Work to complete:
Beginning with the line below that contains "die bisher auf" and ending with the line that contains "Quichotte - Tome", retype every line exactly. Pictures are not copied.

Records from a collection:
--------------------
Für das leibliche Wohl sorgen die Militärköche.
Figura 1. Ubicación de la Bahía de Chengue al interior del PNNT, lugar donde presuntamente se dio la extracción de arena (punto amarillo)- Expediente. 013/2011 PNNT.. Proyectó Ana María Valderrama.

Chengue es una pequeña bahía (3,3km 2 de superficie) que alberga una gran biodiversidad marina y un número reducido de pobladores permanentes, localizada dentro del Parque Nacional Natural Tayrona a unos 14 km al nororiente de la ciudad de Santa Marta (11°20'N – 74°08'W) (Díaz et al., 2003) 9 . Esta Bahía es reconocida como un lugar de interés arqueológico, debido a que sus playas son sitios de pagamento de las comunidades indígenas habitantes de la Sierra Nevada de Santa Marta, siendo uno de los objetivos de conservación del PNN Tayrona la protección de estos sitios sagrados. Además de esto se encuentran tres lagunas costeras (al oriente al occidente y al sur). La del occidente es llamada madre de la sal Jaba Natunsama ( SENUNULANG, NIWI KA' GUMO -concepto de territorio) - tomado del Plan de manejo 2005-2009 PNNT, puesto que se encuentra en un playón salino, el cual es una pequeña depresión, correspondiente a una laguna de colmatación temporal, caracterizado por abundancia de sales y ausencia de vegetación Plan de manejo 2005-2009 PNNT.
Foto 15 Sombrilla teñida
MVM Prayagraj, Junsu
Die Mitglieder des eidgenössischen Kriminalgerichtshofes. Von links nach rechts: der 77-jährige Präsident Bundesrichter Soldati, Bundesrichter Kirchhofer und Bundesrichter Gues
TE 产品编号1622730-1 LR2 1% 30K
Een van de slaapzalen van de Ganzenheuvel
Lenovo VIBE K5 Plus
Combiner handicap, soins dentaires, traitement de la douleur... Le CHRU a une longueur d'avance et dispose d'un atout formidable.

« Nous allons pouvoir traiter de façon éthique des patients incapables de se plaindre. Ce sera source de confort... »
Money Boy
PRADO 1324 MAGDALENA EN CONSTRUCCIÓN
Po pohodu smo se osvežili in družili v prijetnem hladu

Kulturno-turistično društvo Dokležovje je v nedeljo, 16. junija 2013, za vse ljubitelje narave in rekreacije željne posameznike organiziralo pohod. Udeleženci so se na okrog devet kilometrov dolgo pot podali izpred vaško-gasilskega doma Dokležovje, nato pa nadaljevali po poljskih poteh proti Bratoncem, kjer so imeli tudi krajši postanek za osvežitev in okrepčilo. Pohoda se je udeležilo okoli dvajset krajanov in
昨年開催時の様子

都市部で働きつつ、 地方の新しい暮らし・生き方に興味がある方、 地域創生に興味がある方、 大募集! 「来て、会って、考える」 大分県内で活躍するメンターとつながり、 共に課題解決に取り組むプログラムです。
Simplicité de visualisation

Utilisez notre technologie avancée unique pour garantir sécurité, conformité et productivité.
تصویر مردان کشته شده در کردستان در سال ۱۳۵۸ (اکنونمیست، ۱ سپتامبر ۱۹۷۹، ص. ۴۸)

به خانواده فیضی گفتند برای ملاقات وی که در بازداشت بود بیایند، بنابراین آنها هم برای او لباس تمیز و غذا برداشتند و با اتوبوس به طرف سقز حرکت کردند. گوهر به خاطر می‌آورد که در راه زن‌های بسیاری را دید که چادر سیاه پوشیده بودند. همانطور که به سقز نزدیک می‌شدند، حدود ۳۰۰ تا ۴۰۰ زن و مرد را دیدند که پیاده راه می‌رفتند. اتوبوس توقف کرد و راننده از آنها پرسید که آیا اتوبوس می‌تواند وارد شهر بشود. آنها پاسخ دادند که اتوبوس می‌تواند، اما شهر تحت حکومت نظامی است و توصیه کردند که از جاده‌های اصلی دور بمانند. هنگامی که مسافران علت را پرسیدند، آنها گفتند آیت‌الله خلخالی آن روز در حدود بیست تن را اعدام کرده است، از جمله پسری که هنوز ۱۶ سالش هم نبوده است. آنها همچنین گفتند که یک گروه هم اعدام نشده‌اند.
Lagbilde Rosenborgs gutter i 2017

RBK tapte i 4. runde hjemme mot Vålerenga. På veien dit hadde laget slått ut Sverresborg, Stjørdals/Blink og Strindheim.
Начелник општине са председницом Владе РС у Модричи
--------------------
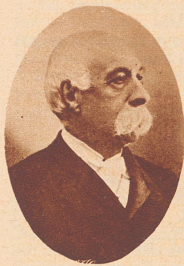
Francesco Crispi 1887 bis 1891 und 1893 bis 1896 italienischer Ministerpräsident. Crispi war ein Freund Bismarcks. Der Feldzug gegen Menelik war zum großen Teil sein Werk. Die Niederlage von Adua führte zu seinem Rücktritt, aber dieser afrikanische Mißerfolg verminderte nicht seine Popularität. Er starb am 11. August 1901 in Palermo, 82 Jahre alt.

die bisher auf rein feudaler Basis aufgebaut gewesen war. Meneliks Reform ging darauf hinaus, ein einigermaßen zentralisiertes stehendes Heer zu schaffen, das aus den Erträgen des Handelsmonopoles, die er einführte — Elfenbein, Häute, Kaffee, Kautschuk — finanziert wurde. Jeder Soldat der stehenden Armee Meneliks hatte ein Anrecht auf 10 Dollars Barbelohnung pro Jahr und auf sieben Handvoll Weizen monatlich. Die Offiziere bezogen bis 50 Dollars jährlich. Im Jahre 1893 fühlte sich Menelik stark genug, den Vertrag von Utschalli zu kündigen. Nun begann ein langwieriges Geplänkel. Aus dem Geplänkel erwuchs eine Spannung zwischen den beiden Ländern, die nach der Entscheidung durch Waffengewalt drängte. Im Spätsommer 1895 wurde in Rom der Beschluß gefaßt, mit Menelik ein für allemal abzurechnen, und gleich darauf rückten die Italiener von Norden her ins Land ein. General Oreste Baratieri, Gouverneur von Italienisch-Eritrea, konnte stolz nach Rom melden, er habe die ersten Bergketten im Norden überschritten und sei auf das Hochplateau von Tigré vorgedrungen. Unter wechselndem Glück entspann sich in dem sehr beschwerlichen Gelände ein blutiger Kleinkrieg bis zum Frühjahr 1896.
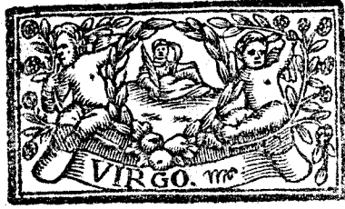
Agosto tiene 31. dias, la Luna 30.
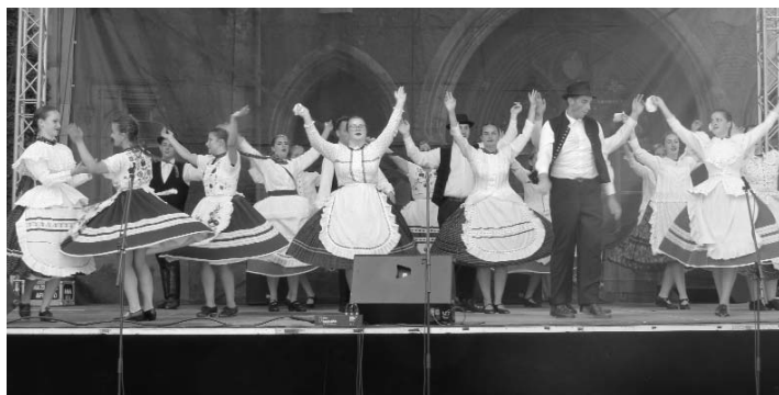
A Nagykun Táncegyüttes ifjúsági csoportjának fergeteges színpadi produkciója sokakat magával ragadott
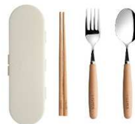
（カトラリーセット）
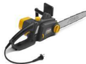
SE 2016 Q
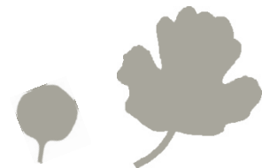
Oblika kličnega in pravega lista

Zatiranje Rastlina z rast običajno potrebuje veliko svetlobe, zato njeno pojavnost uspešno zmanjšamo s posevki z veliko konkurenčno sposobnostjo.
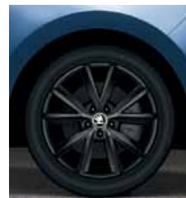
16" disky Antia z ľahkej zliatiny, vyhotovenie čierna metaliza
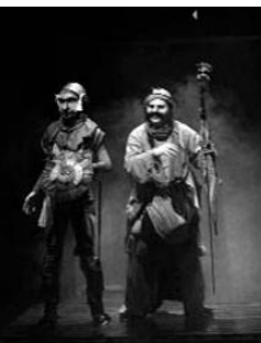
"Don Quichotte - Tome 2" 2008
--------------------
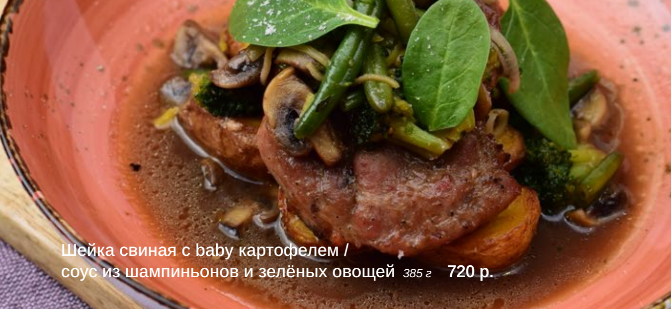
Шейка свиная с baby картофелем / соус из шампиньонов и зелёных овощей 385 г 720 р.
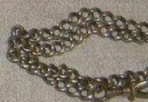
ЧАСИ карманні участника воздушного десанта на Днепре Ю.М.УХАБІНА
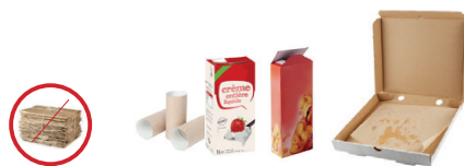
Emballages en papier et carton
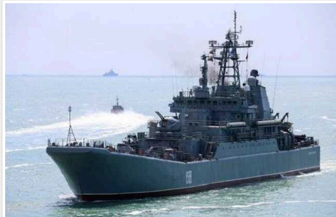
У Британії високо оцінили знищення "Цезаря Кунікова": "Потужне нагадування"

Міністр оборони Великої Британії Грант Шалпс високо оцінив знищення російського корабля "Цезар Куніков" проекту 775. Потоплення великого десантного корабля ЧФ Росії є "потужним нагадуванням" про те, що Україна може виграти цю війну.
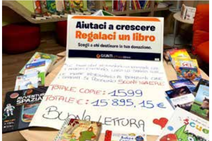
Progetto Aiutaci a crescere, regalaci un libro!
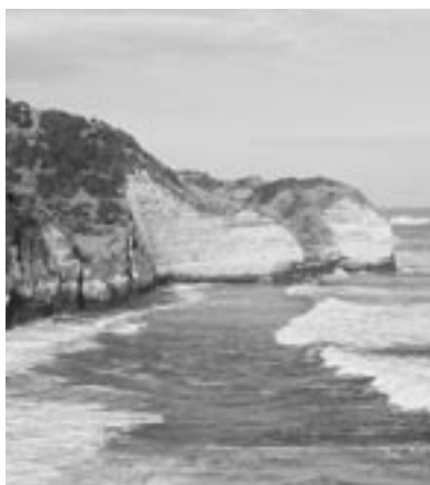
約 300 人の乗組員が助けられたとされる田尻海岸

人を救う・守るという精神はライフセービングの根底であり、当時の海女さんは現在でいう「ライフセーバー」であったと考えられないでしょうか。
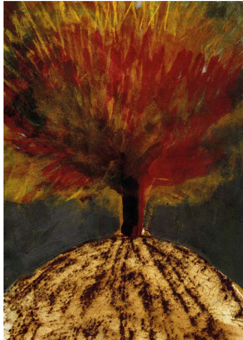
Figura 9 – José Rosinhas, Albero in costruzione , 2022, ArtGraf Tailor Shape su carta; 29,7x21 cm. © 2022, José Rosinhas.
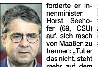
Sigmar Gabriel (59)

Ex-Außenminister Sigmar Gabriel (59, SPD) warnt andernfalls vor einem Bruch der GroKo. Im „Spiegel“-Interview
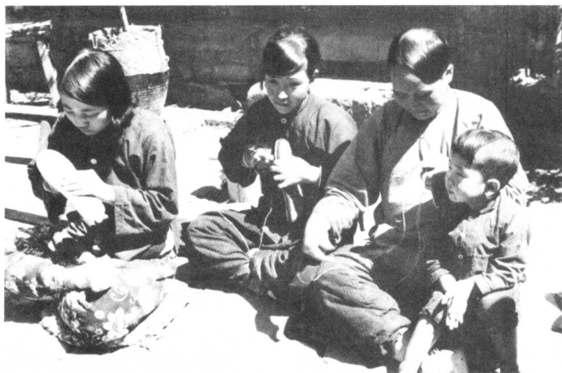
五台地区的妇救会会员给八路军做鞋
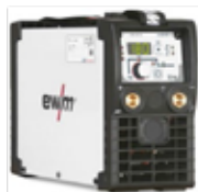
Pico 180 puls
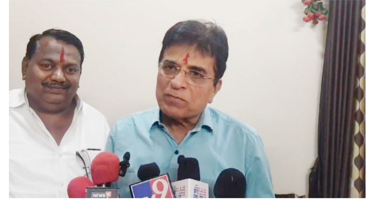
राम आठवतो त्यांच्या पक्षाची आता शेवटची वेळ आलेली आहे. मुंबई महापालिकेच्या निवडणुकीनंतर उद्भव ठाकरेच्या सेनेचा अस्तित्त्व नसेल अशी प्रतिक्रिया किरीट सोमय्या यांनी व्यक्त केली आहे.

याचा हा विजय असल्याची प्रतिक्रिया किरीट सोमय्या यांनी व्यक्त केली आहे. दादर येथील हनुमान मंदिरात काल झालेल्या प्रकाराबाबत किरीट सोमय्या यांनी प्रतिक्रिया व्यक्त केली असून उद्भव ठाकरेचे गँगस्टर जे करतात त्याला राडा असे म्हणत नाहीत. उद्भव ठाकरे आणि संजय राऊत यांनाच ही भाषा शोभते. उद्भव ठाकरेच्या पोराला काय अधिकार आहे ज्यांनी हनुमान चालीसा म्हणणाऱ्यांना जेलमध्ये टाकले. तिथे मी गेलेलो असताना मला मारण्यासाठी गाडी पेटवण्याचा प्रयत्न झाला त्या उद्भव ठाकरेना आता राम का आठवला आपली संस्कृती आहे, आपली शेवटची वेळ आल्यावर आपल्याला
--------------------
Result for this task:
die bisher auf rein feudaler Basis aufgebaut gewesen war. Meneliks Reform ging darauf hinaus, ein einigermaßen zentralisiertes stehendes Heer zu schaffen, das aus den Erträgen des Handelsmonopoles, die er einführte — Elfenbein, Häute, Kaffee, Kautschuk — finanziert wurde. Jeder Soldat der stehenden Armee Meneliks hatte ein Anrecht auf 10 Dollars Barbelohnung pro Jahr und auf sieben Handvoll Weizen monatlich. Die Offiziere bezogen bis 50 Dollars jährlich. Im Jahre 1893 fühlte sich Menelik stark genug, den Vertrag von Utschalli zu kündigen. Nun begann ein langwieriges Geplänkel. Aus dem Geplänkel erwuchs eine Spannung zwischen den beiden Ländern, die nach der Entscheidung durch Waffengewalt drängte. Im Spätsommer 1895 wurde in Rom der Beschluß gefaßt, mit Menelik ein für allemal abzurechnen, und gleich darauf rückten die Italiener von Norden her ins Land ein. General Oreste Baratieri, Gouverneur von Italienisch-Eritrea, konnte stolz nach Rom melden, er habe die ersten Bergketten im Norden überschritten und sei auf das Hochplateau von Tigré vorgedrungen. Unter wechselndem Glück entspann sich in dem sehr beschwerlichen Gelände ein blutiger Kleinkrieg bis zum Frühjahr 1896.
Agosto tiene 31. dias, la Luna 30.
A Nagykun Táncegyüttes ifjúsági csoportjának fergeteges színpadi produkciója sokakat magával ragadott
（カトラリーセット）
SE 2016 Q
Oblika kličnega in pravega lista

Zatiranje Rastlina z rast običajno potrebuje veliko svetlobe, zato njeno pojavnost uspešno zmanjšamo s posevki z veliko konkurenčno sposobnostjo.
16" disky Antia z ľahkej zliatiny, vyhotovenie čierna metaliza
"Don Quichotte - Tome 2" 2008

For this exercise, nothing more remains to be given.